Right now and for the years ahead, it will be critical for the revival of South African cricket to cast off the blinkers which have kept selection policy on a straight, narrow and probably well-intentioned course for so long. While the national team was the ultimate aspiration for most local players, it was feasible to keep them on a contractual leash. That is emphatically no longer the case.
Chris Morris is not only financially secure for his life, but for his children’s and probably theirs, too. Ask him whether he wants to play in the T20 World Cup for South Africa and he will answer emphatically ‘yes’. Whether he wants to be bound to a tedious, irrelevant, outdated contract which stipulates his availability for a three-match ODI series against the Netherlands in December, the answer is ‘no’.
As with de Villiers, Morris is highly wary of public reaction. Unlike the West Indians, South Africans can’t just front up and admit: “I love my country and I am passionate about winning World Cups, I will do anything to bring a smile to my countrymen’s faces. Except commit myself to a 12-month contract which means I must tour Ireland and Sri Lanka and have to turn down other offers which…” you get the picture.

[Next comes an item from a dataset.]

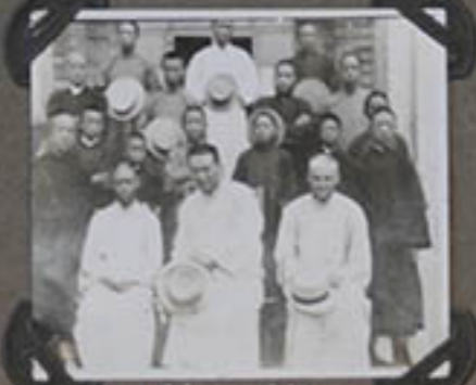
Les Sânganistes CHANG-ING-CH.

If CSA finally get their act together, they must cast the selection net wide and be open to a different catch from that in their own waters. Has anybody even noticed what good cricket Wayne Parnell is playing at the moment? He was the most exciting 20-year-old I have ever seen, just above Jacques Kallis. He is only 31. He is also playing county cricket, for Northamptonshire.
South Africa still has a remarkable production line of young cricketers. It has always been, and always will be, a net-exporter of talent. But when they fly the coup, it does not have to be forever. Our sons and daughters, after all, are always welcome home, even if it is just for Sunday lunch. Or to help us win a World Cup or an important series.